Читать «В памяти и в сердце» онлайн - страница 42

Анатолий Федорович Заботин

Передохнув, пошли к бойцам, пусть видят, что политрук с ними, и не падают духом. Пригнувшись, побежали опять к тому амбарчику: от него хорошо видно поле боя. Видны и мои бойцы. Вот они лежат на снегу. Один, другой, третий. Грязными пятнами выделяются их полушубки. Все зарылись в снег, жмутся к земле, ища в ней спасения. Пусть она мерзлая, холодная, но сейчас, когда над головой свистят пули, она — как для ребенка материнская грудь. Лежа, бойцы ведут огонь по противнику. Смотрю вперед, потом оглядываюсь и вижу: в мою сторону, к амбарчику, пригнувшись, бежит санитар Загоруля (никак не вспомню его имя и отчество):

— Политрук! Ты ранен?

— Ранен. Но в помощи уже не нуждаюсь. Спасибо.

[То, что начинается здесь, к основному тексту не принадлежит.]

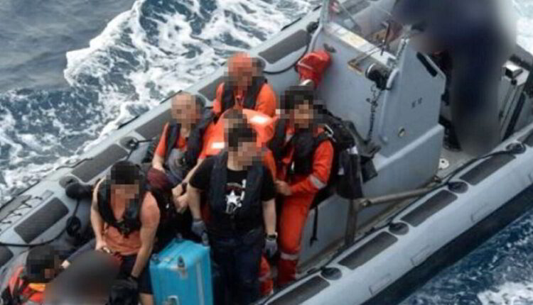 تداولت وسائل إعلامية، الخميس، صورا تظهر طاقم السفينة “سونيون” التي استهدفتها قوات صنعاء-الحوثيين، أثناء عملية اجلائهم من السفينة.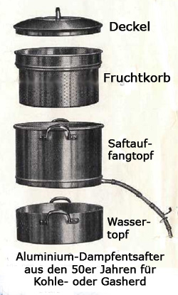 Im Anhang gebe ich Ihnen die „Gebrauchsanweisung“ unseres in den fünfziger Jahren beschafften Dampfentsafters zur Kenntnis. Dort wird für Äpfel eine Zuckerzugabe von 20 bis 50 Gramm je Kilo Frucht empfohlen. Bei Birnen sind es 20 Gramm.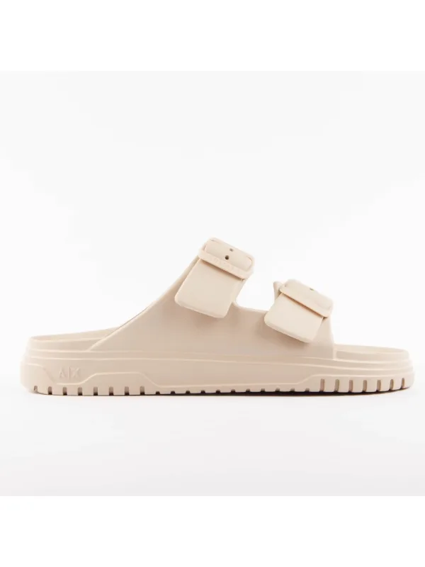 Armani Exchange Soul herenclaquette van synthetisch materiaal in beige. Authentieke schoen van het merk Armani Exchange - streetwear/sportswear design van Armani Exchange - Armani Exchange voor heren, ideaal voor dagelijks gebruik - De beige Armani Exchange claquette past perfect bij de rest van je garderobe - Comfortabele synthetische materialen - Klassieke gesp - Soul - Synthetisch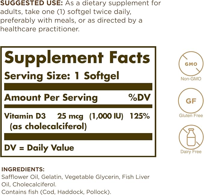 - Support Your Immune System; Solgar Vitamin D3 (Cholecalciferol) 25mcg (1000 IU) Softgels support a healthy immune system and neuromuscular function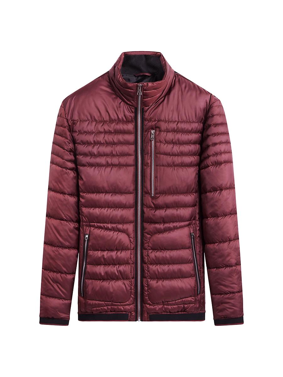 Bugatchi bomber jacket in quilted polyester Three front zip pockets Stand collar Full-zip front Long sleeves Polyester fill Polyester Dry clean Imported Model is 6'1"/185cm.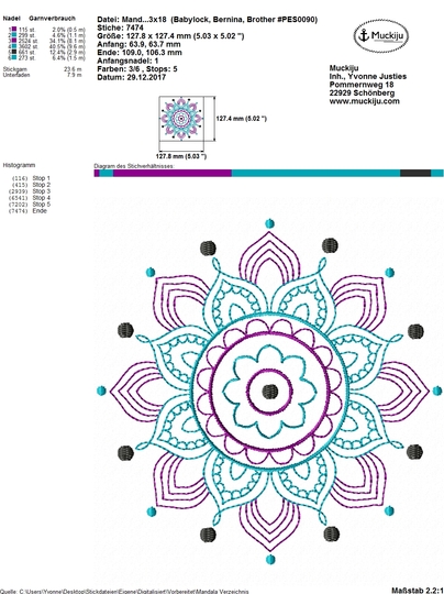 Sollte Ihre Stickmaschine eine Stichzahlbegrenzung haben, prüfen Sie bitte erst ob Sie die Anzahl der Stiche meiner Motive verarbeiten können.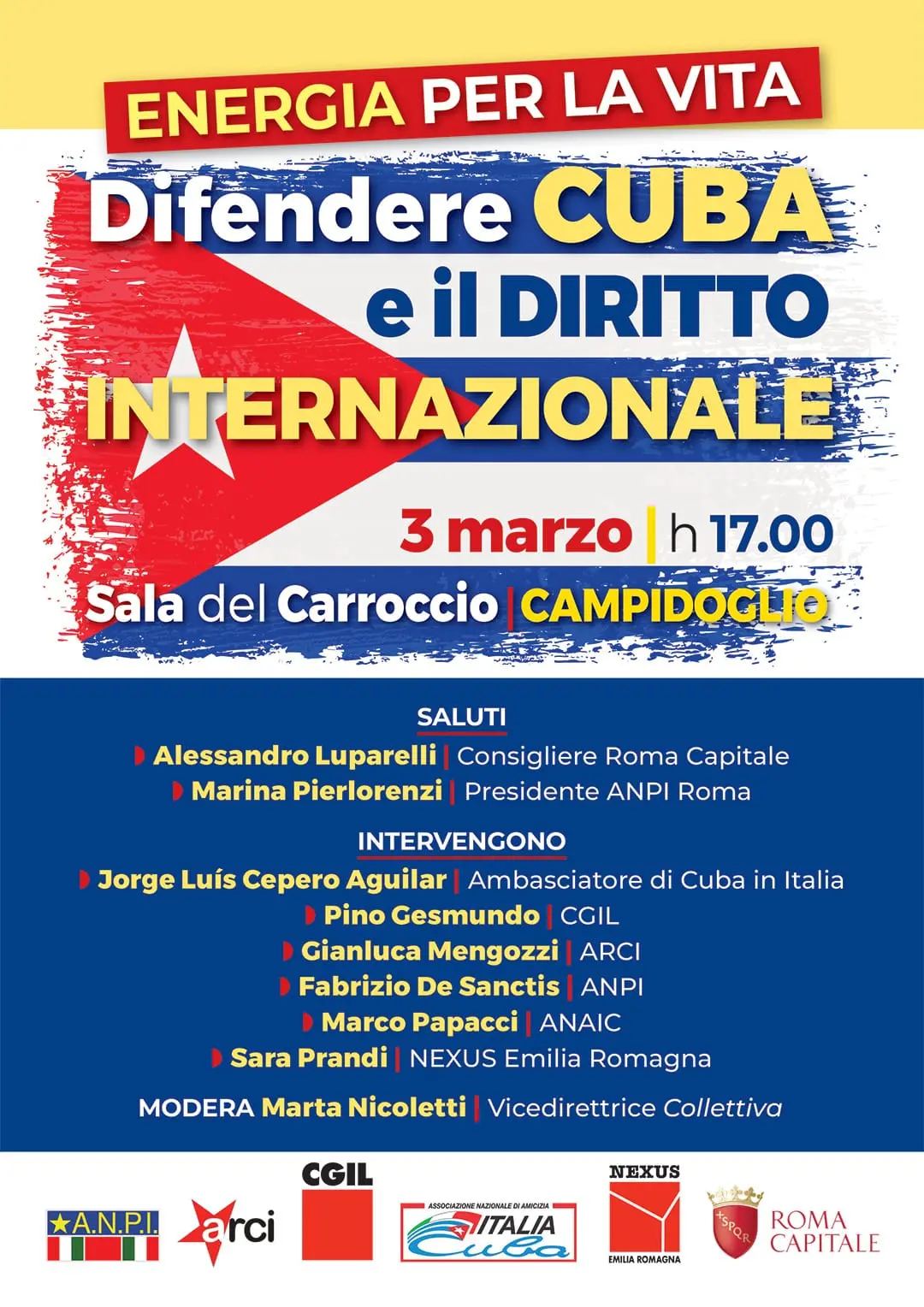 Martedì 3 marzo 2026, alle 17, in Campidoglio a Roma, si terrà l’incontro pubblico “Difendere Cuba e il diritto internazionale: la campagna Energia per la vita”, promosso da Cgil, Arci, Anpi, Associazione di amicizia Italia-Cuba e Nexus Emilia-Romagna.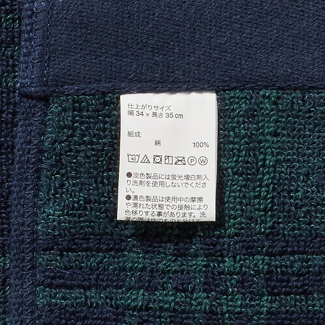 無印良品 ふっくらパイルハンドタオル(柄)・グリーンチェック 6枚組 34×35cm やわらか 83431914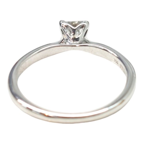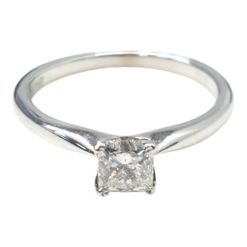 This exquisite 18 karat white gold ring from Michael Hill features a princess-cut diamond solitaire as the hero stone. The smooth band and .750 hallmark add to the timeless, classic design. With a total diamond weight of 0.5 carats, this ladies' diamond ring has a weight of 2.14 grams and a ring size of J. All sizes and measurements are approximate.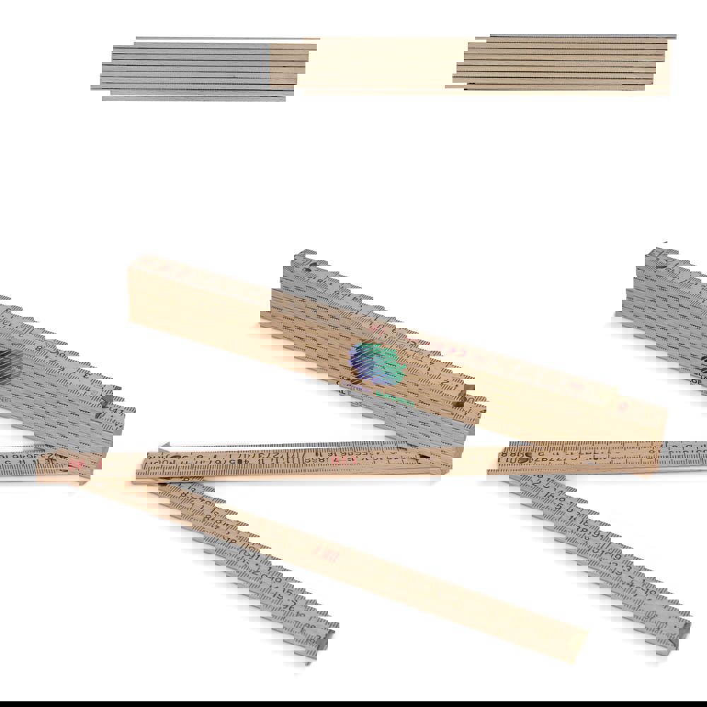 Zollstock mit einer Gesamtlänge von 2 Metern. Langlebig und handlich, ideal für professionelle und Heimwerker-Projekte. Der Zollstock hat eine stoßfeste Beschichtung und extra starke, rostfreie Stahlscharniere. Die Zollstöcke aus Buchenholz haben ein Rasterungswinkel von 180° grad und einen Winkeleinteilung am zweiten Glied. Zudem innenliegende durchgenietete Gelenkfedern. Duplex skaliert, CE-Zertifiziert und EU-Produktion.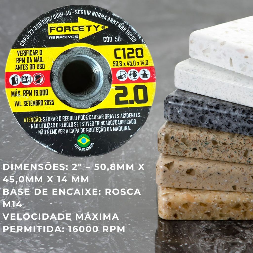 - Os rebolos são fabricados com objetivo de desbastar e polir mármores, granitos, granilites e concretos em geral. - São fabricados em diversos diâmetros e espessuras. Cada um dos grãos é realmente uma ferramenta de corte afiada. Em conjunto, executam o trabalho de acabamento do material. - Utilizados para boleamento e acabamento de mármores e granitos e porcelanato. - Para trabalho a seco ou refrigerado com água. REBOLOS DISPONÍVEIS: #36 - Desbaste Inicial #60 - Desbaste Intermediário #80 - Desbaste Final #120 - Pré Polimento - Dimensões: 2" – 50,8mm X 45,0mm X 14 mm - Base de encaixe: Rosca M14 - Liga: Carboneto de Silício Preto - Velocidade máxima permitida: 16000 RPM
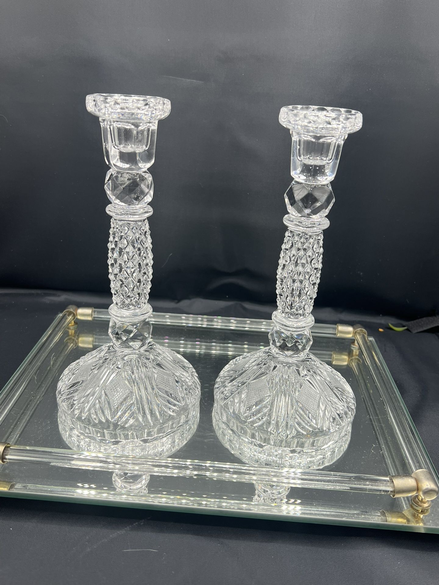VTG Elegant Crystal Diamond Cut 8.25" Pair of Candlestick Holders EUC Elegant pair of 8.25” Crystal Candlesticks, featuring intricate cuts and a tim

Я собрался было отчитать санитара: зачем было бежать сюда, подвергать себя опасности.

— Такая стрельба, а ты бежишь! Переждал бы!

— Ждать, когда человек ранен? Это преступно!

Мысленно еще раз благодарю санитара. А он тем временем сообщает, что ранен Романенков. И что именно он, Романенков, настоял, чтобы санитар немедленно бежал ко мне.

— Как он, Романенков? — спрашиваю. — Сильно ранен? В строю останется?

— Что ты! — машет рукой Загоруля. — Дай бог, чтобы в живых остался! Между прочим, он трубку твою потерял. Ох, и жалел же ее! «Она, — говорит, — была моим талисманом. Потерял, вот меня и ранило».

Пули свистят, но Загоруля, придерживая рукой сумку, побежал, а я опять остался один. У каждого свои функции. Загоруле надо перевязывать раненых, Глазунову и другим бойцам — вести огонь по врагу, а мне — воодушевлять бойцов, вести их в атаку. Так нас, политруков, учили: быть всегда впереди, кричать: «Вперед!», «За мной!», «За Родину!», «За Сталина!»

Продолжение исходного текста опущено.